Agriculture Waste Management

The fight against climate change may seem daunting, but agriculture may be the best sector to start. Agriculture production is a major part of the climate change issue because of its greenhouse gas emissions. Greenhouse gases are gases that absorb and reemit heat energy. The main greenhouse gases are carbon dioxide, methane, nitrous oxide, water vapor, chlorofluorocarbons, and ozone. Some of these gases are emitted as a product of agricultural activity.

What Can You Do?

Appropriately managing agriculture, food, and waste is crucial for achieving our climate change mitigation goals. In practice, this could entail transitioning to a plant based-diets, shopping locally, buying seasonal foods, and reducing household food waste.

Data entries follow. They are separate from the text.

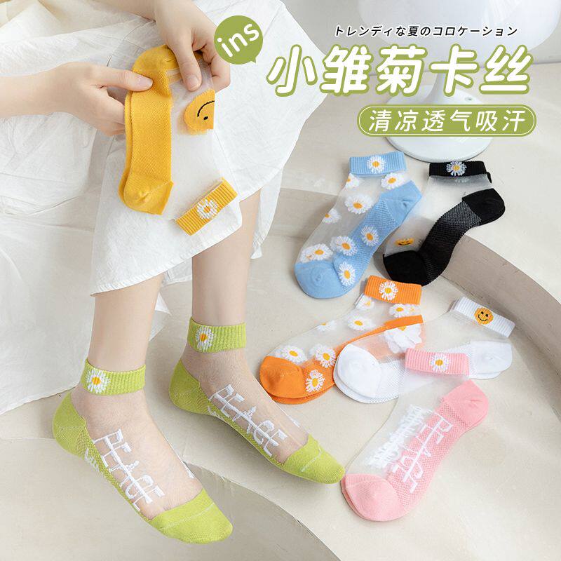 女士袜子夏天薄款纯棉底小雏菊水晶玻璃丝短袜女夏季网红款ins潮
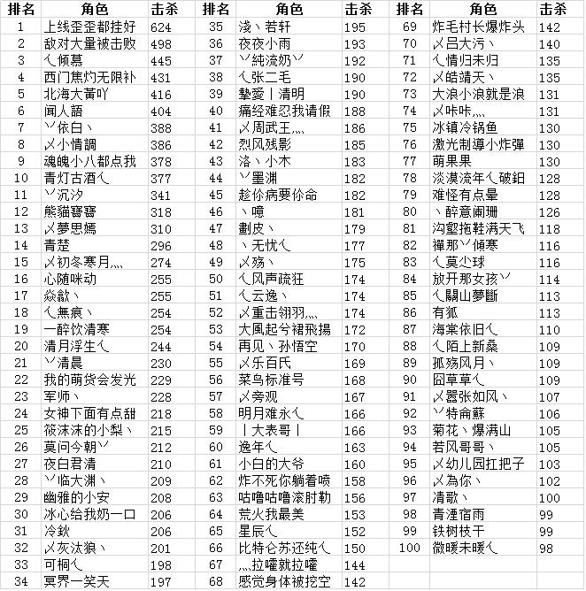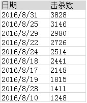 产生击杀数最多的10天
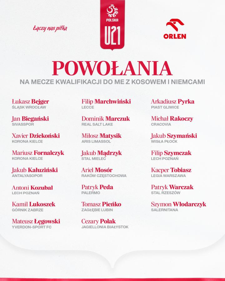 波兰足球资讯当地时间10月1日,波兰U21主帅马耶夫斯基公布了十月份欧青预选赛的大名单,马尔赫温斯基领衔,沃达尔奇克回归。
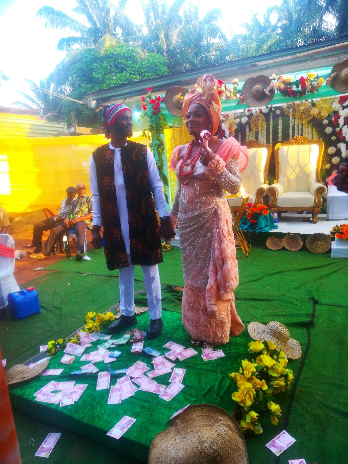 An outdoor event in Alor, Nigeria, features a man and a woman standing centrally on a green carpet
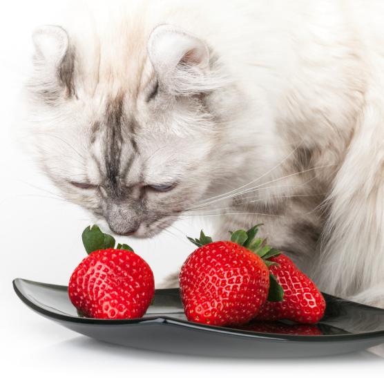 Las fresas también son aptas para el consumo del gato. En pequeñas dosis las manzanas, peras y melocotones también son aptas para el felino.
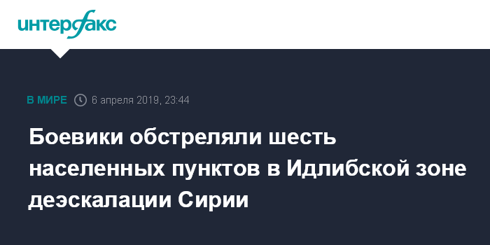 Москва. 6 апреля. INTERFAX.RU - В Идлибской зоне деэскалации продолжаются нарушения режима прекращения боевых действий со стороны незаконных вооруженных формирований, сообщил на брифинге руководитель российского Центра по примирению враждующих сторон в Сирии Виктор Купчишин.
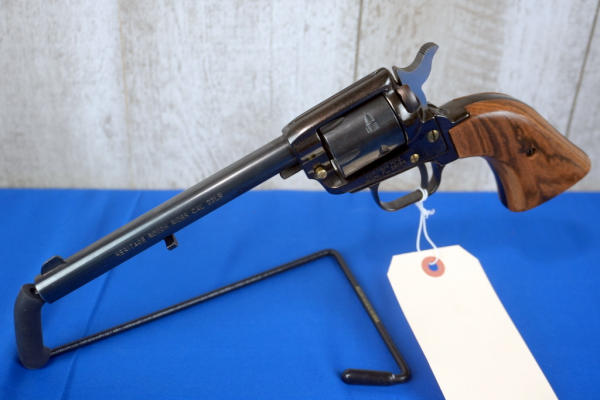 6.5" BBL; 6-shot LR & Mag cylinders; smooth wood grips; factory wood showcase; like new condition; USA; SN#HR87375

  • Plant-based diets increase the amount of acreage available for human-consumable crops by reducing the demand for animal feed crops.
  • Buying local and in-season foods lessens energy for transporting foods across long distances.
  • Reducing food waste prevents organic products from being disposed between shopping trips.

According to United Nations World Food Programme (WFP) estimations, nearly one-third of the food produced globally ultimately ends up as waste. Reducing waste can be as simple as tracking the foods or the number of calories that your household regularly consumes between grocery trips. Once you know how much you eat, you can limit the number of perishable foods that you purchase to fit your household’s consumption habits. This simple tip can save consumers money and reduce household methane footprints.

ripe apple, avocados and banana

The way we store fresh fruits and vegetables can determine the rate at which they ripen and how long they ultimately last. For example, certain fruits ripen at a slower rate when stored separately from other foods due to ethylene. Ethylene is produced in multiple fruits, including apples, avocados, bananas, kiwis, peppers, and tomatoes. Ethylene is a natural gas that is the apparent source of the ripening and eventually the spoiling process. As fruits ripen, the amount of ethylene that they emit can increase. This gas not only expedites the ripening rates in the fruits that produce it, but also in nearby fruits. Storing your fruits separately can extend the rate at which they ripen and allow them to last longer.